09.01.2026
Der Steuersatz für Restaurant- und Verpflegungsdienstleistungen wird im Jahr 2026 wieder von 19 auf sieben Prozent reduziert. Für Getränke bleibt es dagegen weiterhin beim regulären Steuersatz von 19 Prozent.
Wie die Lohnsteuerhilfe Bayern mitteilt, profitieren von der Neuregelung nicht nur klassische Restaurants. Auch Bäckereien und Metzgereien mit Imbissbetrieb, der Lebensmitteleinzelhandel mit warmen Speisen, Caterer, Mensabetreiber sowie Einrichtungen der Gemeinschaftsverpflegung – von Kitas über Schulen bis hin zu Krankenhäusern – würden steuerlich bessergestellt. Für sie entfalle künftig die komplizierte Abgrenzung, welche Speisen bisher dem vollen und welche dem ermäßigten Umsatzsteuersatz unterliegen. Ab 2026 gölten einheitlich sieben Prozent auf Speisen, unabhängig davon, wo und wie der Verzehr erfolgt.
Offen bleibe allerdings, ob sich diese Entlastung auch im Geldbeutel der Verbraucher bemerkbar machen wird, so die Lohnsteuerhilfe Bayern. Wenn die Unternehmen den niedrigeren Steuersatz teilweise oder vollständig an ihre Kunden weitergeben, könnten die Preise für Speisen sinken und die Nachfrage wieder zunehmen. Denn durch die anhaltende Inflation äßen viele Gäste seltener auswärts.

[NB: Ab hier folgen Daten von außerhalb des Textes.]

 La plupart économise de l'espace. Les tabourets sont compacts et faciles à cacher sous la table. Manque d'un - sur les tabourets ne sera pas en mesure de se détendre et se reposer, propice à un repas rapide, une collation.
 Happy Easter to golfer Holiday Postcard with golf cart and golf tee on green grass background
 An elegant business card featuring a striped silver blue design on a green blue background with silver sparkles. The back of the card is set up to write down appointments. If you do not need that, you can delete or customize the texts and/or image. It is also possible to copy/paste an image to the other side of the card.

In Zeiten hoher Betriebskosten sei jedoch fraglich, ob viele Gastronomen die Entlastung an die Kunden weitergeben. Die Erfahrung aus den Krisenjahren zeigt laut Lohnsteuerhilfe, dass viele Betriebe zunächst ihre Margen sichern oder Investitionen tätigen. Auf Dauer könnten die Preisdynamik aber gedämpft werden und weitere Preissprünge bei Restaurantbesuchen und Verpflegungsangeboten ausbleiben.
Weiter führt die Lohnsteuerhilfe aus, dass der Gesetzgeber mit der Umsatzsteueränderung einen Schlussstrich unter eine langjährige Ungleichbehandlung zwischen gastronomischen Dienstleistungen und dem Lebensmittelverkauf ziehe. Während die Mitnahme eines belegten Brötchens schon immer mit sieben Prozent versteuert worden sei, habe für denselben Snack am Tisch der volle Satz von 19 Prozent gegolten. Durch die Gleichstellung mit den Mitnahme-Speisen würden Wettbewerbsverzerrungen beseitigt und bürokratische Hürden abgebaut.

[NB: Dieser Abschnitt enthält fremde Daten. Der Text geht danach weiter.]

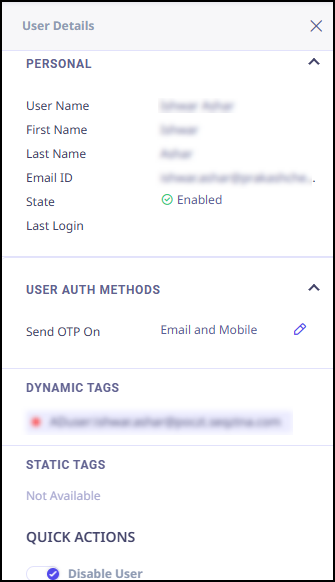 Dynamic Tags Dynamic tags assigned to the user. (Only visible for an external IdP).

Die dauerhafte Senkung der Umsatzsteuer auf Speisen ist aus Sicht der Lohnsteuerhilfe somit mehr als nur eine steuerliche Anpassung: Sie sei ein Signal an eine große und vielfältige Branche, die leidet. Ob Verbraucher tatsächlich niedrigere Preise spüren würden, hänge letztlich von den Betrieben ab. Die Vereinheitlichung des Steuersatzes stärke aber sicherlich die Wettbewerbsfähigkeit der Gastrobetriebe, so die Prognose der Lohnsteuerhilfe.